I don’t know if I made the right choice. In that moment, as I stared into his eyes, I felt him asking me, as he had before, "Do you trust me?" In that moment, I went with my instincts.

It amazes me—the stake went through both of them like butter. One part of my brain wonders how that’s possible. Angel stood there, stunned, and Penn . . . he just turned to dust.

"You missed," was the only thing Angel said. I believe he genuinely thought I was meaning to kill him—and he was okay with that.

But I didn’t miss. In that moment, I couldn’t find him worthy of death. I can’t explain it. Logically, I should have. I’ve sent men to prison for life, even to the death chamber, for much less than Angel has done.

There’s something more to Angel, though. I don’t feel that I’m to be his judge, if I can wrap my mind around that obscure of a concept. Angel’s never hurt me, and I’m not convinced he ever will.

I’m not convinced he won’t, either. I don’t think I can trust him anymore, and whatever there might have been between us . . . let’s just put that relationship in my good old, ever-growing "it was a nice idea" file. You know what? That really bothers me.

Are there nice vampires? Or at least tortured, Anne Rice-style vampires, brooding over their lost humanity? Search me. I don’t know.
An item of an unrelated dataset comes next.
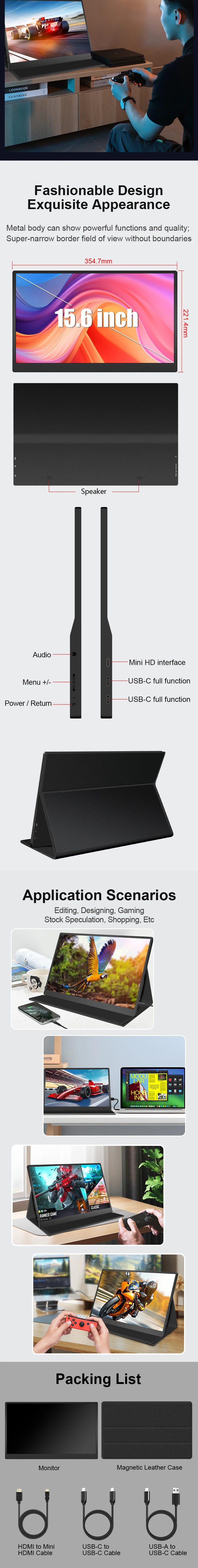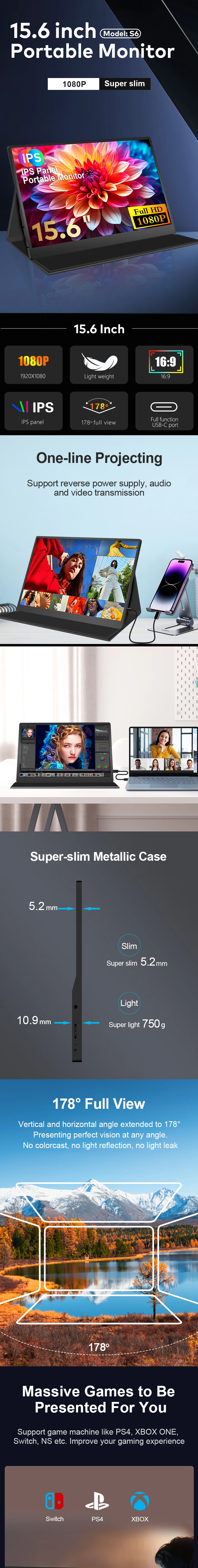 효율적인 온라인 60Hz IPS LCD USB C 및 노트북용 15 모니터 휴대용 6인치 HDMI

I can’t trust Angel completely again. There will never again be that easy rapport between us that was building, and I’m angry over that. Someone came along, and for a time, he was someone special. Then the other shoe dropped, the way it always does with men in my life.

Getting angry seems to have stopped the shaking. I need to figure out something to tell my fellow cops that won’t get me arrested or committed. I give Angel one more glance. His eyes are open now, but he’s not looking at me.

No more glimpses of that soul.

I stand, still angry, and start to leave. I feel like I just did something toweringly stupid, like sparing the life of a vicious murderer. Oh, wait, that’s what I did.

"I don’t feed off humans anymore."

It’s his voice. I turn. He’s still not looking at me, but he speaks again.

"If it makes it any better, I get my blood from the butcher," he says. "I don’t kill humans anymore."

For just a moment, he looks at me again, and I can see his eyes clearly. There’s pain in them, deeper than I’ve ever seen.

Or just another part of the act.

"Good for you," I say, bitterness leaking out of the words. Then I turn and walk away from him.